Example: '1122144434444556' ↦ '11 22 1 444 3 44444 55 6'

This is necessary because repeating REM or wake of certain length mark the 
end of NREM periods. Thus, from this separation we can infer which parts of 
the word are functionally releant and which can be ignored.
"""
function insert_spaces_on_change(str)
    # Initialize an empty string to build the modified version
    modified_str = ""

    # Iterate through the characters of the input string
    for (index, char) in enumerate(str)
        # Append the current character to the modified string
        modified_str *= char

        # Check if we're at the last character or the next character is different
        if index < length(str) && str[index] != str[index+1]
            # Append a space to separate different character sequences
            modified_str *= " "
        end
    end

    return modified_str
end

""" 
Given a stage vector, separates it using `insert_spaces_on_change` and maps 
it to a simpler word into the alphabet Σ = {I, X, 5, 6}.
"""
function stage_to_word(stages)

    # Given a stages s₁, ..., sₙ, produces a sentence s.t. each word 
    # in a sentence corresponds to segments of the staging with repeating 
    # stages.
    stages = replace(stages, "1" => "I", "?" => "I", "2" => "X", "3" => "X", "4" => "X")
    α = insert_spaces_on_change(join(stages, ""))
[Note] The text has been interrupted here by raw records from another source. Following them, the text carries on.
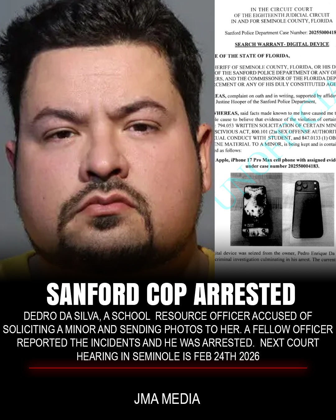 Pedro Da Silva, A Sanford, Florida Cop was arrested for attempting to solicit a juvenile at the school. A search warrant has been filed for the contents of his phone. He was fired from the agency. City of Sanford, FL Government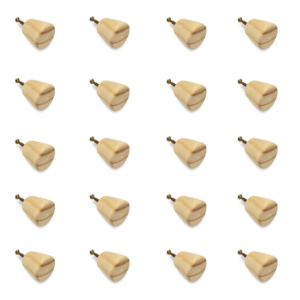Kit 20 Puxadores de Madeira Redondos Para Móveis Gavetas Armários Modelo Cone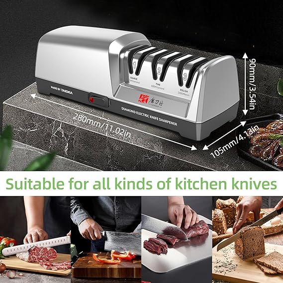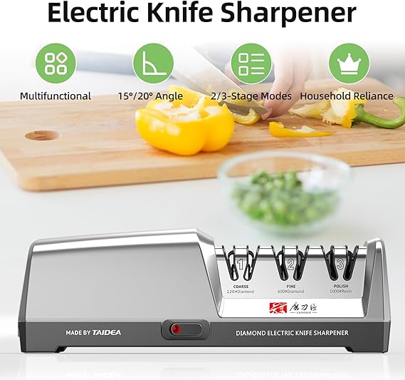 Elektrikli Bıçak Bileyici – 2800rpm Yüksek Hız, 15°/20° Ayarlanabilir Açılar, 2/3 Aşamalı Premium Aşındırıcılar, Seramik Bileme Taşı – Verimli, Dayanıklı ve Kullanıcı Dostu Mutfak Aleti

    # A function to transform the words of α, effectively mapping α 
    # onto a language more suited for regexes.
    function transform(w)
        if occursin('I', w) || occursin("X", w)
            return w
        end
        # If previous condition was not met, we have either `5` or `6`.
        if length(w) >= 10
            return (w)
        end
        repeat("I", length(w))
    end

    trans = transform.(split(α))
    return join(trans, "")
end

"""
NREM period detection.
"""
function nrem(staging::Vector, n::Integer=30, m::Integer=10)

    if Set(unique(staging))  Set(["1", "2", "3", "4", "5", "6", "?"])
        @error "Invalid stage score: Sleep stages should be 1, 2, 3, 4, 5, 6, ?, 
        where 5 marks REM, 6 wakefulness, and ? unknown/unscored."
    end

    α = stage_to_word(staging)
    ζ = Regex("(?:[X](I*)){$n,}(?:[5](I*){$m,}|6{$m,}|\$)")
 
    locs = []

    matches = eachmatch(ζ, α)

    for match in matches
        begins = s + match.offset - 1
        loc = [begins, begins + length(match.match)]
        insert!(locs, length(locs), loc)
    end

    # Collect all matches into vectors
    locs = [collect(x[1]:x[2]) for x in locs]

    # Remove ending REM/Wake stages as well as in-between REM, Wake, and Stage
    # 1 epochs.
    for nrem in locs
        indx = findall(x -> staging[x] != "2" && staging[x] != "3" && staging[x] != "4", nrem)
        deleteat!(nrem, indx)
    end

    return locs
end

A slightly more sophisticated version of this algorithm was implemented in my EEGToolkit Julia package.